Cysteine protease- and/or lipopolysaccharide (LPS)-containing allergens, as well as helminth products, can activate lung and intestinal epithelial cells to produce thymic stromal lymphopoietin (TSLP), interleukin-25 (IL-25) and IL-33, which initiate T helper 2 (T_H2)-type immune responses by acting on basophils, dendritic cells (DCs) and/or non-B non-T cells. The allergen Der p 2 is structurally homologous to MD2, a component of Toll-like receptor 4 (TLR4) signalling complex. A high dose of Der p 2 enhances allergic inflammation in a TLR4-dependent MD2-independent manner. Some cysteine proteases and helminth products, such as IL-4-inducing principle of Schistosoma mansoni eggs (IPSE), can also directly stimulate basophils to produce TSLP and IL-4. Omega-1, a component of S. mansoni egg antigen, modulates DC function to favour a T_H2 cell promoting phenotype. Basophils, DCs and possibly other cells can serve as antigen-presenting cells to drive T_H2 cell differentiation under the influence of various cytokines such as TSLP, IL-4 and IL-25. Cytokines produced by T_H2 cells, including IL-2, IL-4 and IL-25, can self-amplify the differentiation process. At the effector stage, T_H2 cells and epithelial cells may further amplify T_H2-type responses through a cytokine-mediated positive regulatory loop. Although they are not shown in the figure, other immune cells, including natural killer (NK) cells, NKT cells, γδ T cells, macrophages, B cells, eosinophils and mast cells, may also participate in the initiation and amplification of T_H2-type responses by creating a T_H2-biased cytokine environment. In addition, IL-4 may induce IL-12 production by DCs or kill T_H2-inducing DCs, suggesting there are also negative regulatory mechanisms for T_H2-type immune responses.

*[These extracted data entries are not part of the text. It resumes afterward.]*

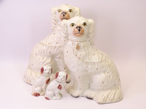 STAFFORDSHIRE FLATBACKS including Wesley, also two pairs of Comforter Dogs
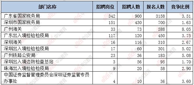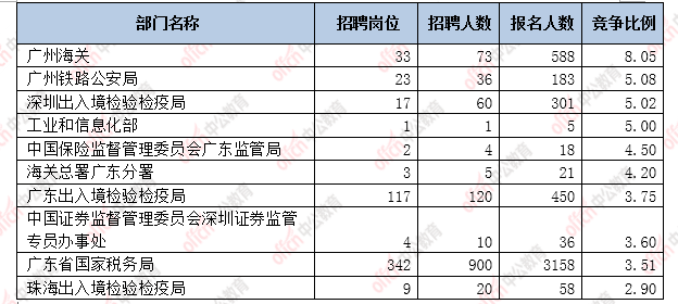 為幫助廣大考生更清晰的了解今日?qǐng)?bào)名情況,廣東中公網(wǎng)校整理了審核通過(guò)人數(shù)前十位的部門以及競(jìng)爭(zhēng)比例最激烈的十大部門,供廣大考生參考:
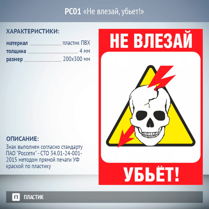 Знак «Не влезай, убьет!», РС01 (пластик 2 мм, 200х300 мм) в Твери купить

PAR, protease-activated receptor; R, receptor; TCR, T cell receptor.

Figure 3. Basophils and dendritic cells, functioning as antigen-presenting cells, are differentially involved in various T_H2-type immune responses

Both basophils and dendritic cells (DCs) are involved in the fate determination of naive CD4⁺ T cells through cytokine production and antigen presentation; however, the relative importance of these two cell types seem to be different in various models. a | In papain-induced (and possibly other cysteine protease allergen-induced) T helper 2 (T_H2)-type responses, basophils seem to be crucial, whereas DCs are not essential. Interleukin-4 (IL-4) and thymic stromal lymphopoietin (TSLP), produced by activated basophils, are important for such T_H2 cell differentiation. b | Different Trichuris muris-derived products may simultaneously activate basophils and DCs. Basophils are predominantly involved in T_H2 cell induction, whereas DCs induce both T_H1 and T_H2 cell differentiation. TSLP produced by basophils may be required for suppressing IL-12 production by DCs, promoting the development of T_H2 cell-inducing DCs and inducing IL-4 production by T cells. IL-4 produced either by basophils or T cells is also crucial for inhibiting interferon-γ (IFNγ) production in T cells and amplifying T_H2-type responses. c | In some helminth infection models, helminth products including omega-1 can down-modulate the functions of activated DCs and suppress IL-12 production; therefore, IL-4-independent T_H2 cell differentiation occurs without the involvement of basophils. T_H2-type responses to Nippostrongylus brasiliensis do not require basophils, and such responses are both IL-4 and TSLP independent. PAR, protease-activated receptor; R, receptor; TCR, T cell receptor.